(WORK INSTRUCTION): Please repeat exactly the lines below from the line with "Spring flowers Bow, Flower" to the line with "We reached Punakha", including both, and leave out every picture.

+++ DATASET RECORDS

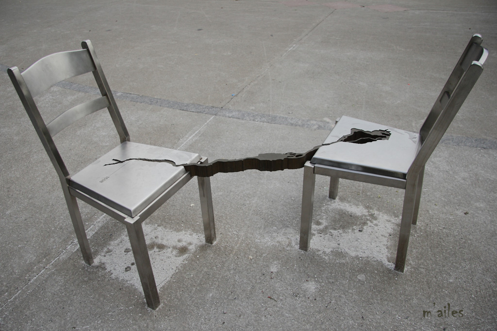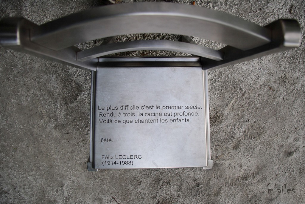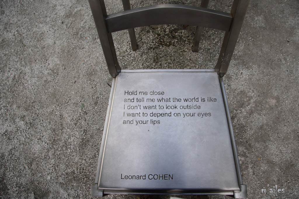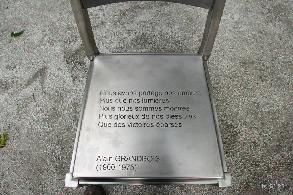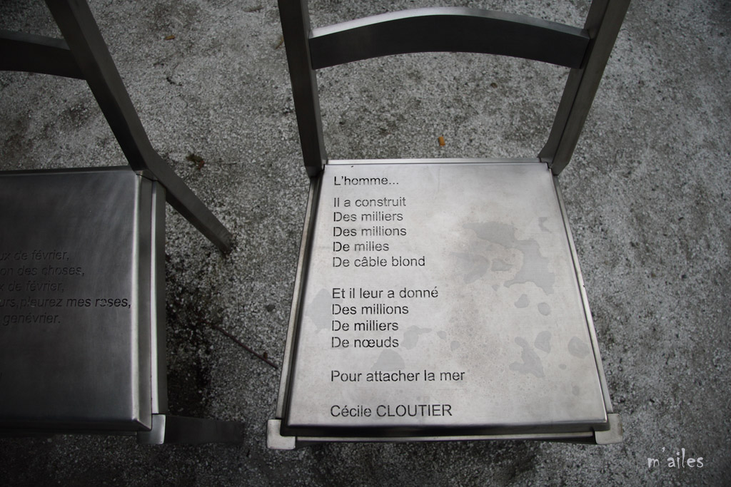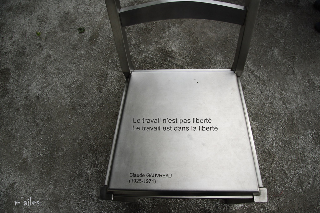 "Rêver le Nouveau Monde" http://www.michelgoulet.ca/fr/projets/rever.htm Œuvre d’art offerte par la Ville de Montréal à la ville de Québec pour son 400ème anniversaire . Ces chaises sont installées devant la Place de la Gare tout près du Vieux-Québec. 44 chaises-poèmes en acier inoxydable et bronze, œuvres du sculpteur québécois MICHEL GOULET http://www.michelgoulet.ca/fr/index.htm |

++++++
+++ DATASET RECORDS

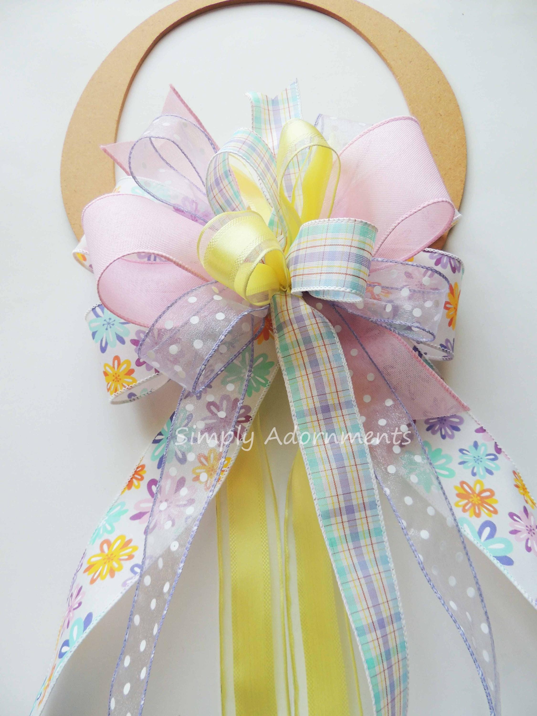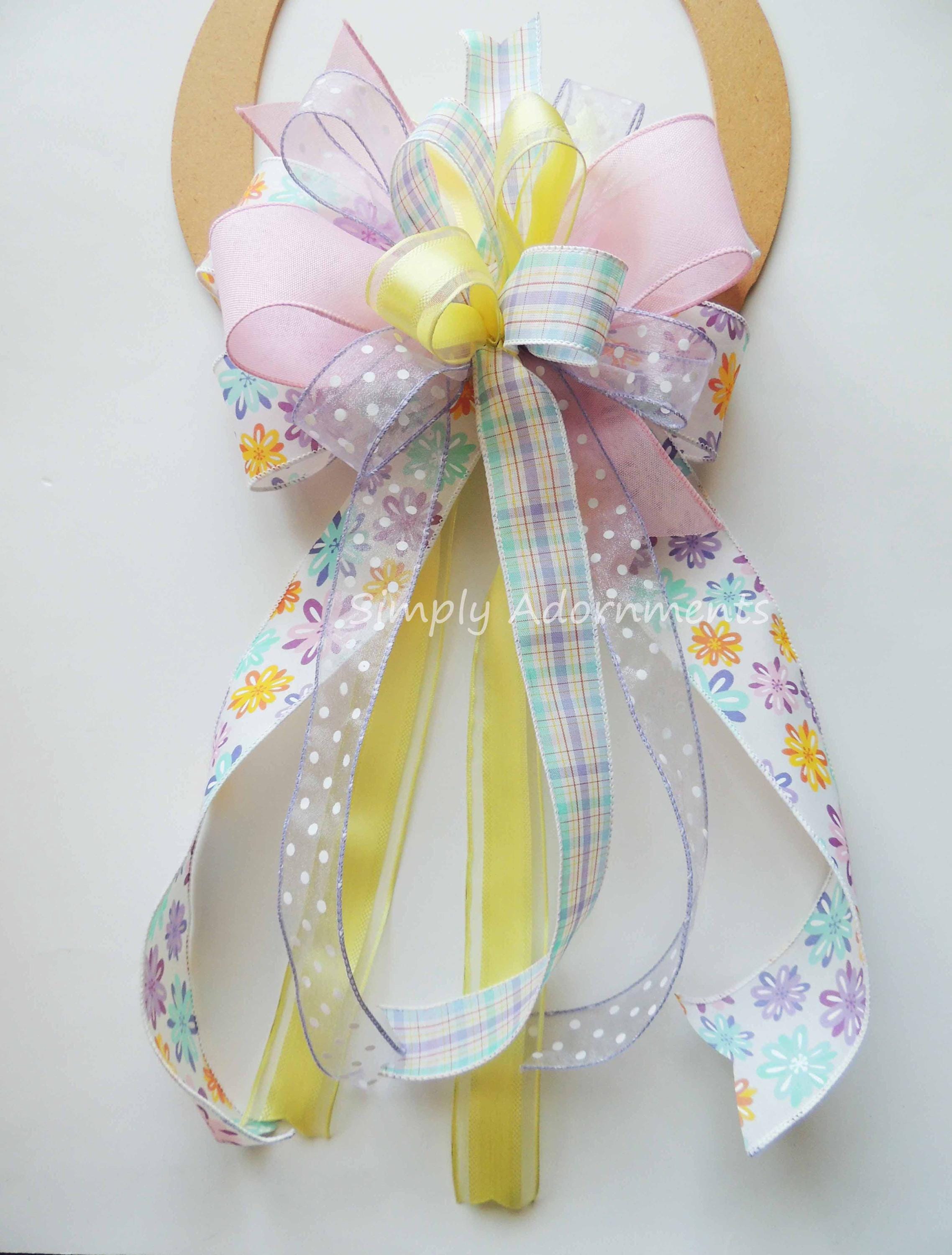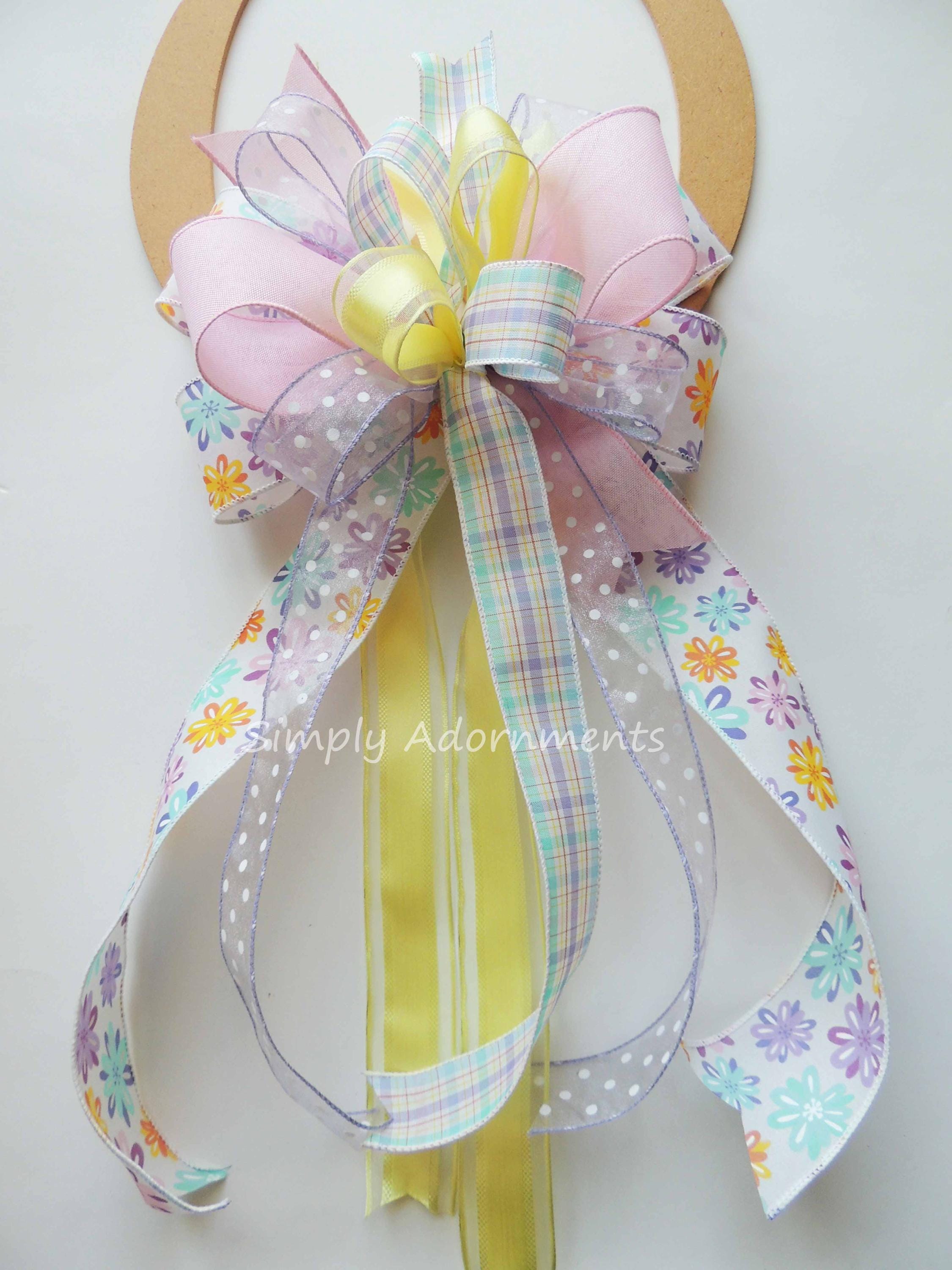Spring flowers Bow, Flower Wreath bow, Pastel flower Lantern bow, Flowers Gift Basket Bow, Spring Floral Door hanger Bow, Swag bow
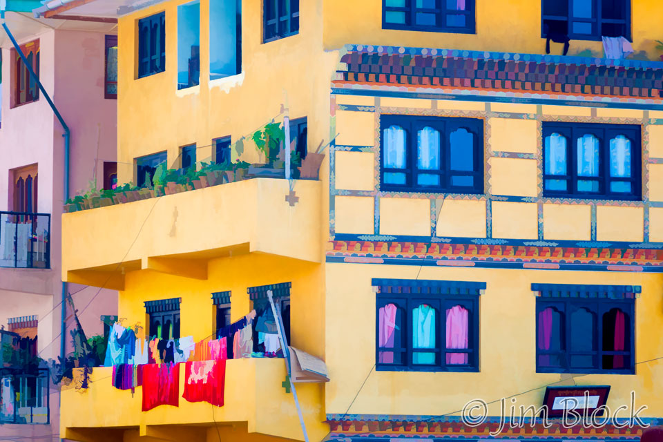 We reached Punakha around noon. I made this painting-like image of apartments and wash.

++++++

(RESULT OF THE TASK):
Spring flowers Bow, Flower Wreath bow, Pastel flower Lantern bow, Flowers Gift Basket Bow, Spring Floral Door hanger Bow, Swag bow
 We reached Punakha around noon. I made this painting-like image of apartments and wash.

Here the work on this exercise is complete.